Tracing and Evaluation#
The tracing UI is essentially identical to Langsmith’s, which remains user-friendly and visually clear.
- It’s another reminder that agent trajectory definitions across ecosystems look surprisingly similar.
- However, there’s only one trace dashboard per project, putting extra responsibility on whoever manages the OpenAI account to keep projects well-organized.
Interestingly, the previously under-the-radar OpenAI eval functionality is now fully accessible.
The introduction of robust tracing and evaluation features feels like an even tighter lock-in to the OpenAI ecosystem.
OpenAI Assistant API#
Lastly, the OpenAI Assistant API branding seems increasingly unclear. With Assistant API’s vector search capability apparently rolled into the Agents SDK as a tool, it’s gotten even murkier. Given these substantial changes in functionality, it might be time for a full rebrand—perhaps something along the lines of an “Agents API.”
Agent#
Uses a generally accepted definition of an “Agent”:
- Model
- Tool
- Guardrail
How the Agent Works#
It’s basically the same as the ReAct Agent found in LangChain and LlamaIndex.

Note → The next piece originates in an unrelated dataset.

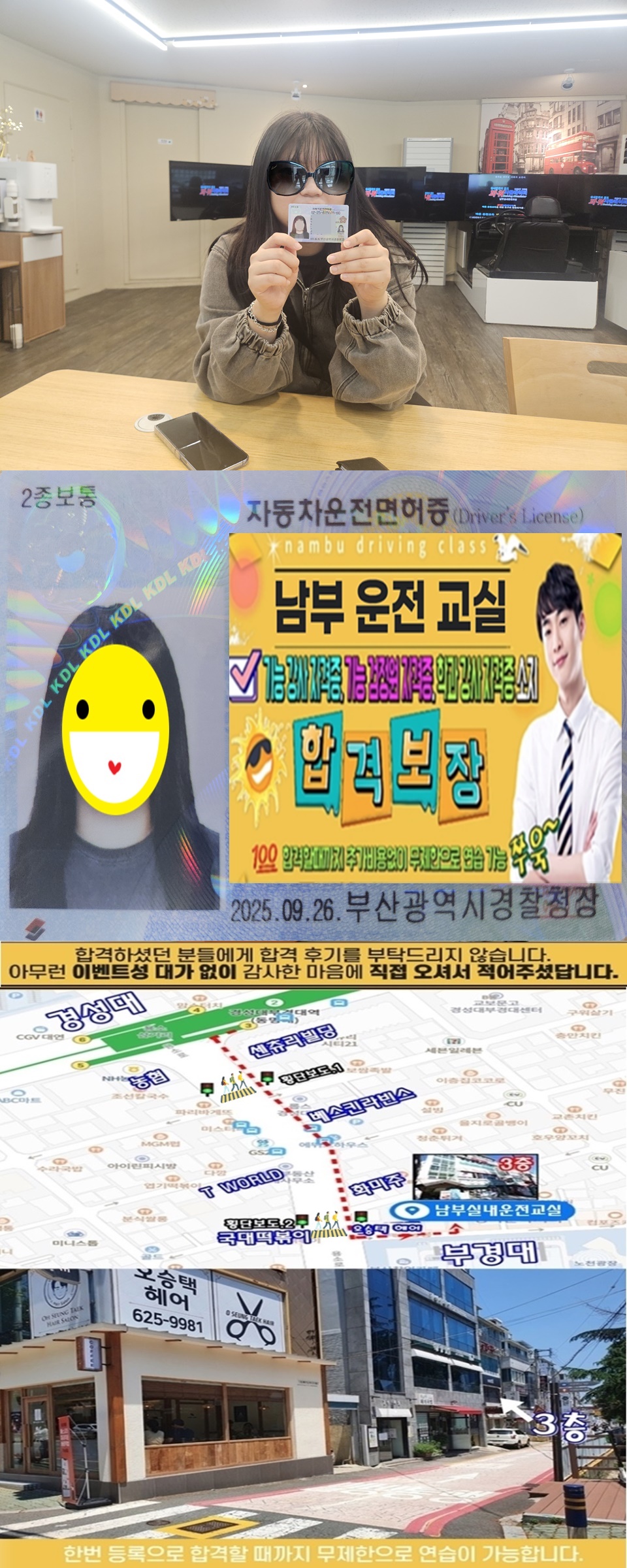 일반 운전 학원은 시간이 안 맞아서 찾아보다가 남부 실내 운전 교실로 선택했습니다. 늦게 까지도 연습할 수 있어서 좋았어요! 선생님도 친절하게 잘 가르쳐주셔서 쉽게 이해 가능 했습니당. 덕분에 10일 정도 만에 면허 따기 성공했습니다~~!~!~!

A notable difference is the introduction of the handoff
term, defining when one agent delegates a task to another.
A single sequence of the following steps is defined as a turn
. This aligns exactly with the conventional concept of a conversational turn.
According to OpenAI Docs,
- We call the LLM for the current agent, with the current input.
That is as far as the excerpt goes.